From the following autumn to 1876, Pissarro began to draw more, as figures such as those in the present picture became a more important element in his rural compositions. The result of his sojourns at Montfoucault can be appreciated in the scenes of harvest in the fields. Pissarro's work at Montfoucault is characterised by "his increasing use of preparatory drawings and oil sketches which suggests a retreat to more conventional practices, yet this active reversion to the palette knife and a varied range of textures infers a challenging ambition to find a handling appropriate to subjects from 'the true countryside'...His very conscious rehearsal, at Duret's urging, of kinds of the composition which recall Troyon or Millet suggests he was applying his 'modern' touch and colour to stereotypical rural motifs the better to face the market in difficult times." (Thomson, op. cit., p. 45)
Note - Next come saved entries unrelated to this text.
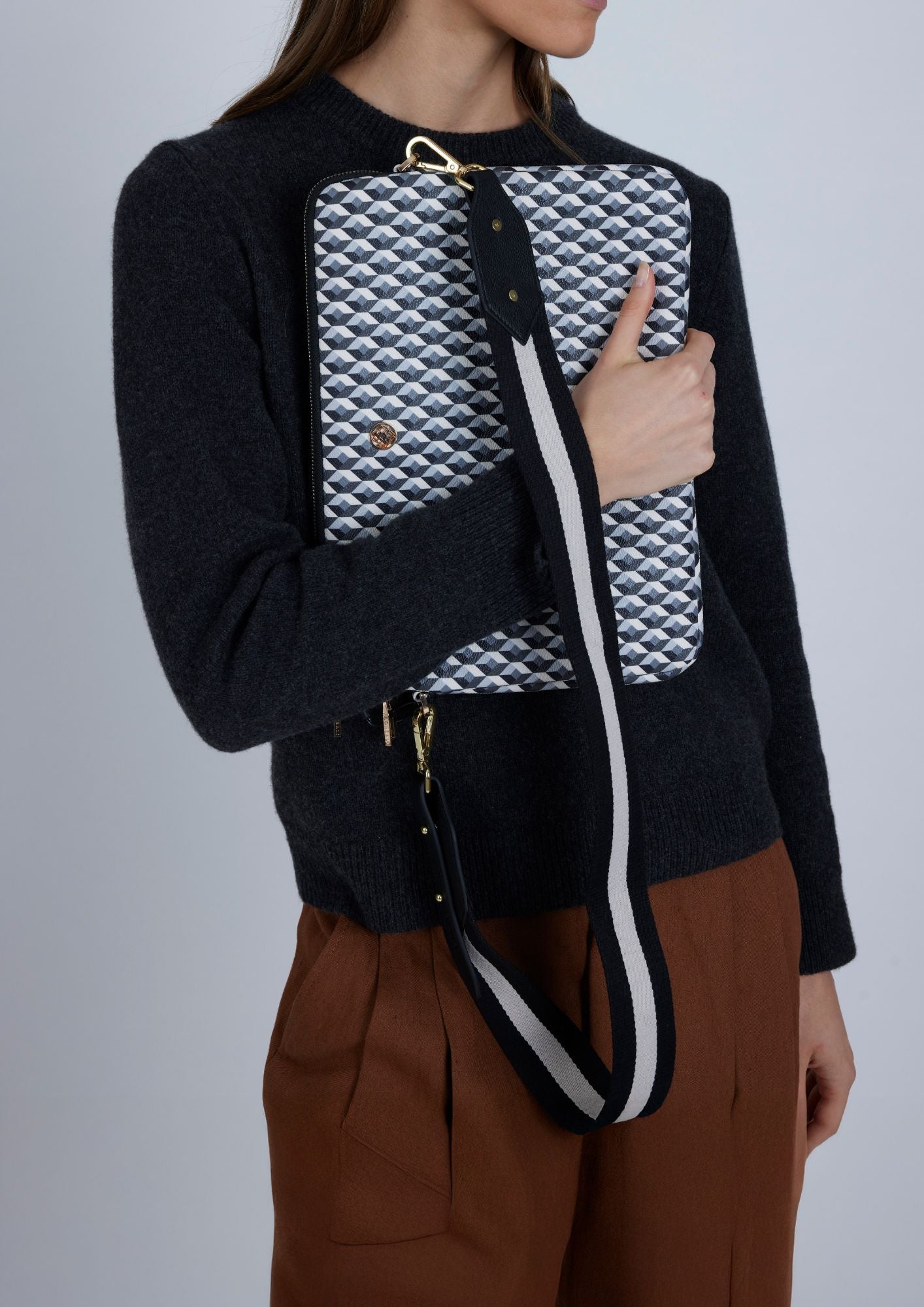 La funda portátil está personalizada con el logo de la marca. Gracias a las arandelas en los laterales, puedes utilizar la correa de tu bolso Lonbali u otras para llevarla cómodamente colgada al hombro.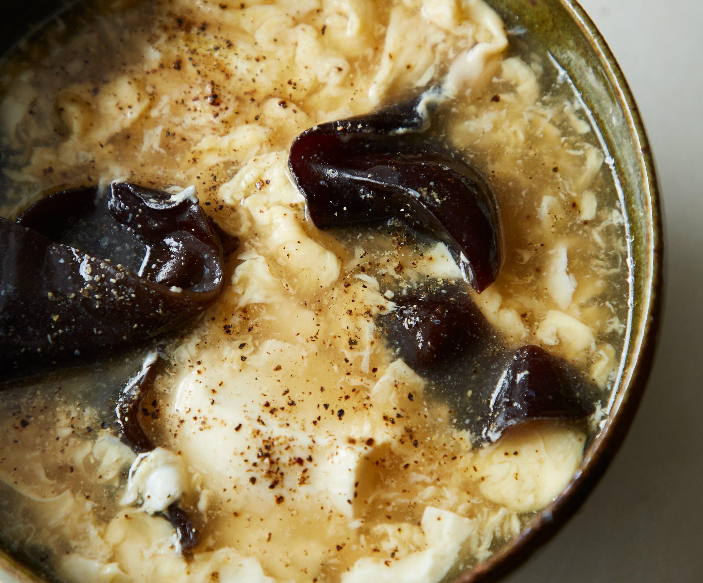煮立ったら酢を加え、同量の水で溶いた片栗粉をゆっくり混ぜながら少しずつ加える。溶き卵を回し入れ、浮かび上がってきたら、黒胡椒をふる。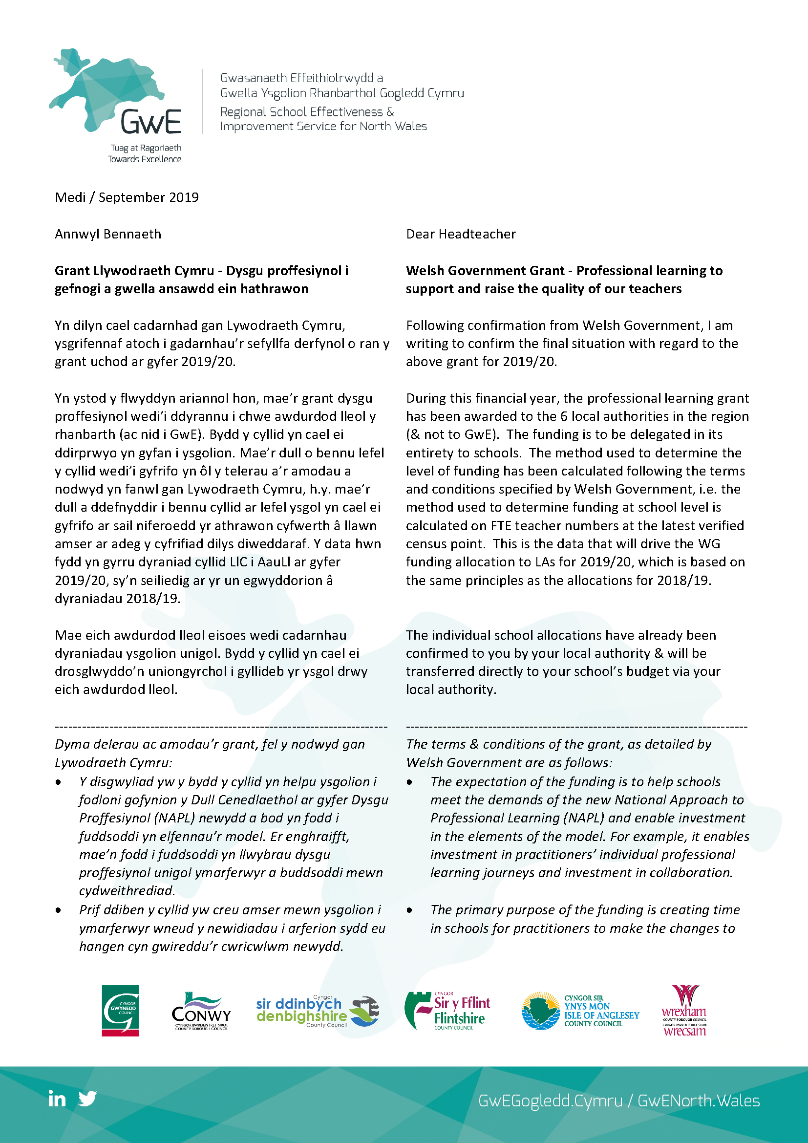 Yn ystod y flwyddyn ariannol hon, mae’r grant dysgu proffesiynol wedi’i ddyrannu i chwe awdurdod lleol y rhanbarth (ac nid i GwE). Bydd y cyllid yn cael ei ddirprwyo yn gyfan i ysgolion. Mae’r dull o bennu lefel y cyllid wedi’i gyfrifo yn ôl y telerau a’r amodau a nodwyd yn fanwl gan Lywodraeth Cymru, h.y. mae’r dull a ddefnyddir i bennu cyllid ar lefel ysgol yn cael ei gyfrifo ar sail niferoedd yr athrawon cyfwerth â llawn amser ar adeg y cyfrifiad dilys diweddaraf. Y data hwn fydd yn gyrru dyraniad cyllid LlC i AauLl ar gyfer 2019/20, sy’n seiliedig ar yr un egwyddorion â dyraniadau 2018/19.
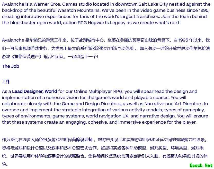 此前招聘公告已透露《霍格沃茨之遗》续作可能成为实时服务游戏的潜质。虽然尚未获得官方确认,但Avalanche持续发布的“多人在线角色扮演游戏”招聘帖中,多次出现与魔法世界直接相关的职位描述,最新招聘信息再次延续了这一特点。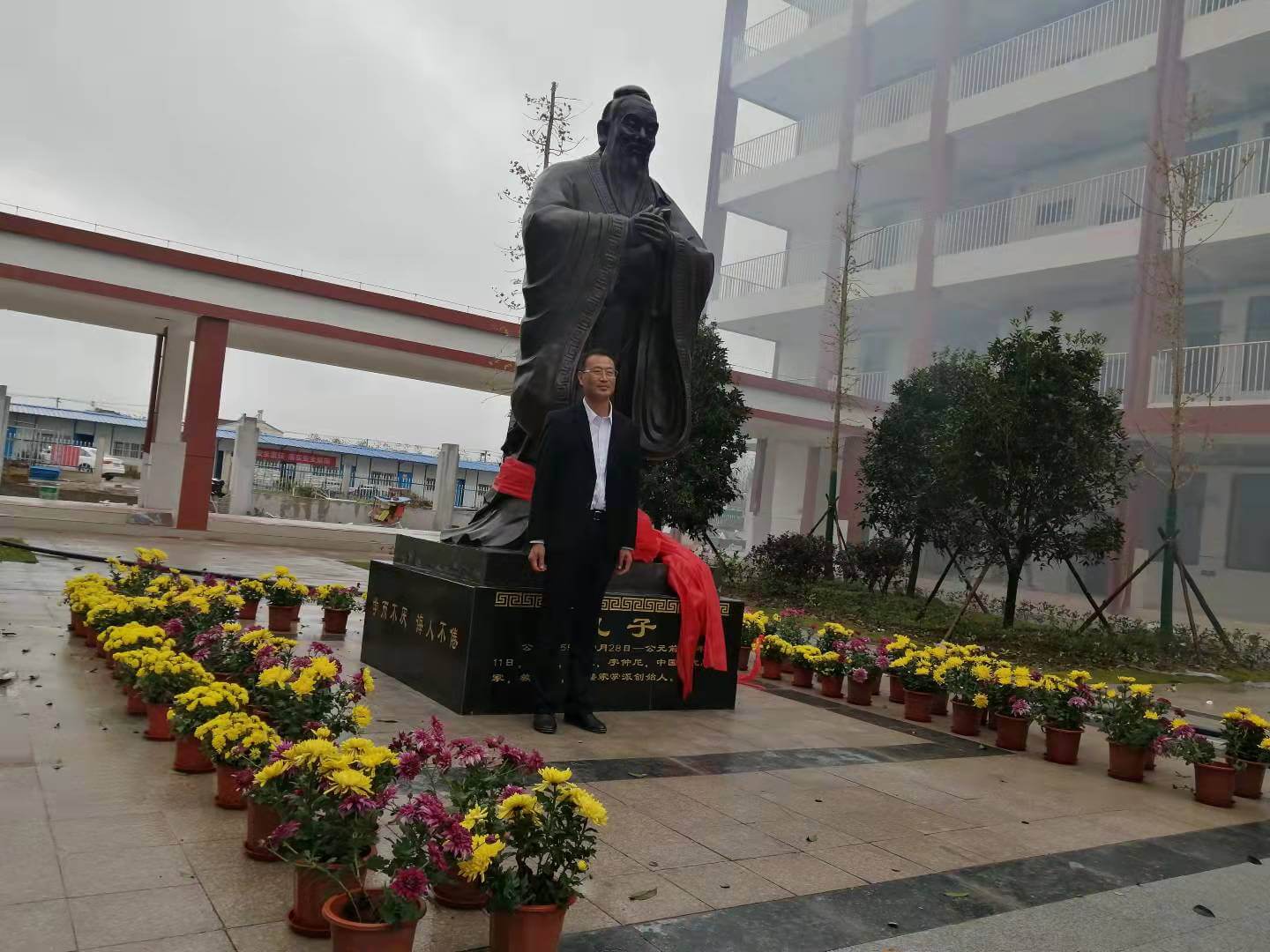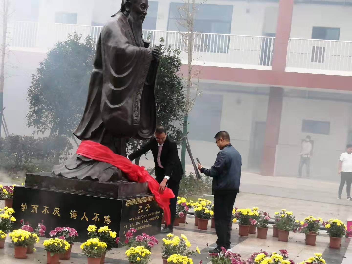 ~ 10月10日,定远县第一初中教育集团双塘中学校区举行了孔子雕像揭幕仪式。集团全体校级领导、双塘中学校区部分教师和安徽联邦建筑安装有限公司负责人参加了此次活动。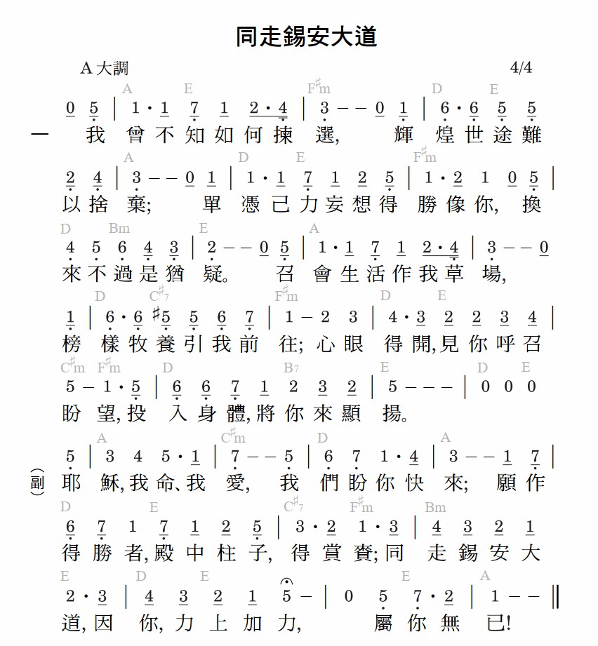 耶稣,我命、我爱,我们盼你快来;愿作得胜者,殿中柱子,得赏赉;同走锡安大道,因你,力上加力,属你无已!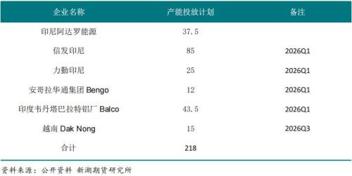 2026年将是海外新产能集中投产的一年,印度尼西亚则供需主要增量,其次为印度。其中印尼在建及建成待投产能超200万吨,部分产能已于2025年12月通电,预计2026年实现投产150万吨左右。印度韦丹塔Balco铝厂扩建项目也将供需一定增量。预计海外新投产能达200万吨左右。另外美铝西班牙铝厂及美国本土一家铝厂及2025年因电气设备故障而建产的冰岛一家铝厂均有复产的计划,涉及产能合计近50万吨。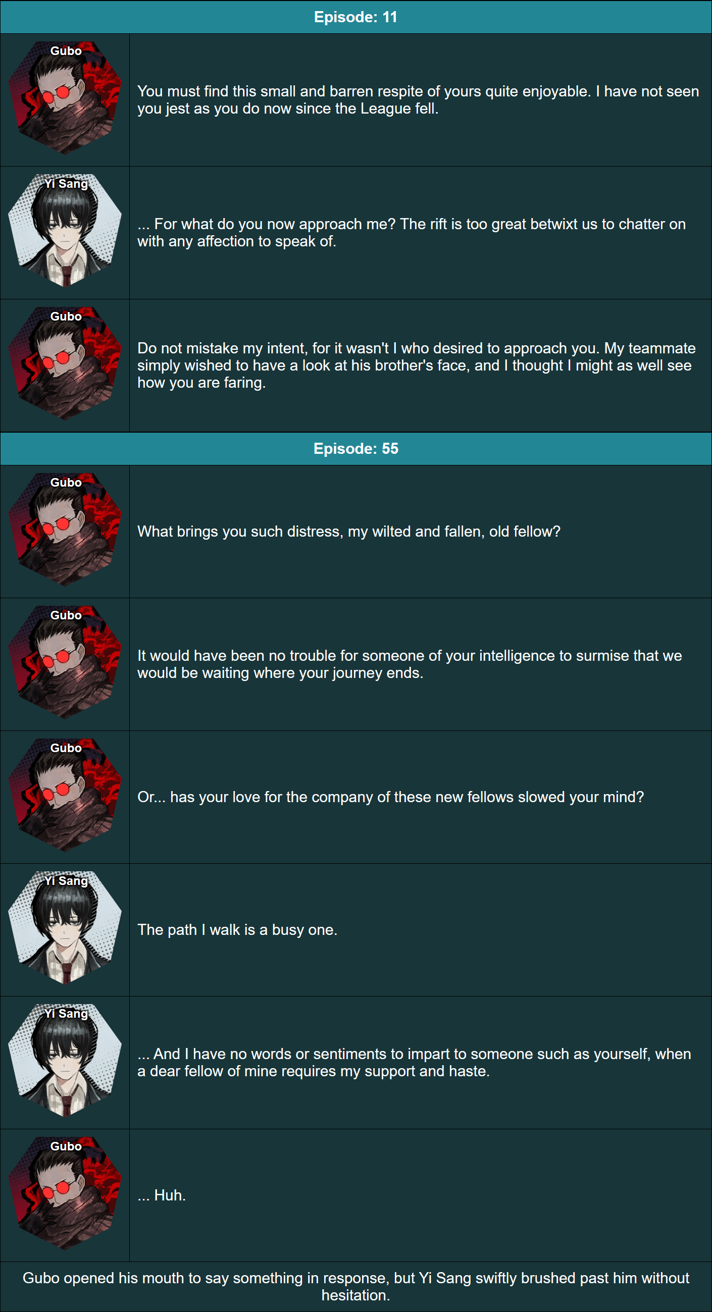 >>560500665To clarify even further because I'm bored and have literally nothing better to do, The Jade Qilin constantly referred to is 옥기린 in Korean, while all other color titles consistently have four characters such as>The Red Mist붉은안개 >The Red Gaze붉은시선 >The Indigo Elder쪽빛노인So yeah, I assume the Jade Qilin is just the nickname of the Star (again like Tianjiu Star, the Unrestrained or Tiantui Star, the Winged Tiger)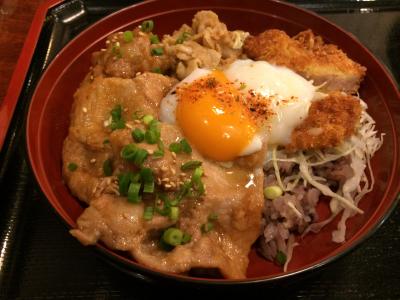 三種の豚料理の丼をいただきました。
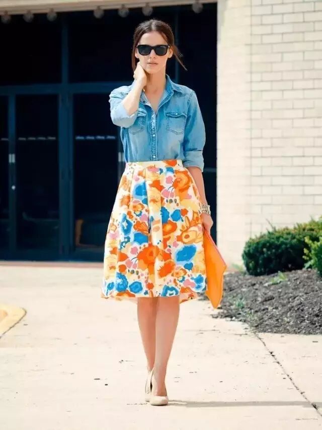 ▼牛仔衬衫也是不错的选择。搭配印花半裙别有一种复古的味道。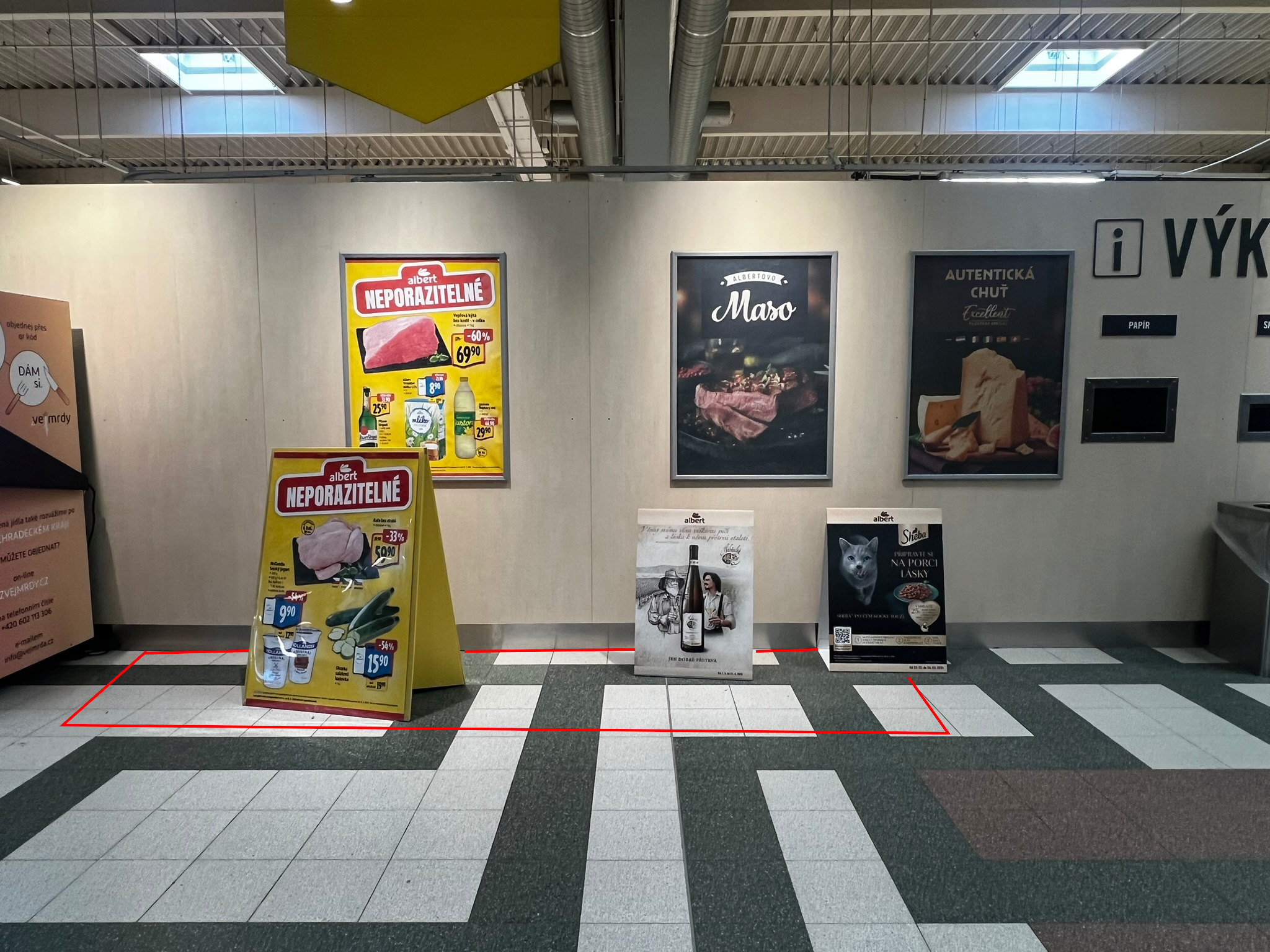 Obchodní plocha při vstupu do prodejny Albert. Je určena pro stánky s maximální hloubkou 1m.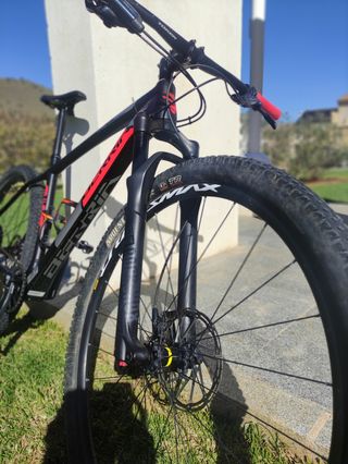 Cuadro de carbono,orquilla Fox,ruedas de 29 con tubules,frenos y piñonera Shimano, talla M. Está en muy buen estado, una bici perfecta para la montaña.Para más informacion hablame.

Christopher Lloyd states further, "The seasons spent painting at Montfoucault had two results. Firstly, he had an opportunity to study rural life at first hand. This was to be significant in the long term when Pissarro moved from Pontoise further into the country to Eragny-sur-Epte and began for the second time to paint rural subjects. Secondly, the range of colour within the pictures undertaken at Montfoucault increases considerably and, together with the technical advances made in the company of Cézanne, allowed Pissarro to achieve those outstanding landscapes that bring the 1870s to a glorious close." (Camille Pissarro, London, 1981, p. 79)

This recently rediscovered picture was included in Pissarro & Venturi's 1938 catalogue as no. 366 but with no reproduction printed. Joachim Pissarro has kindly confirmed the authenticity of the picture.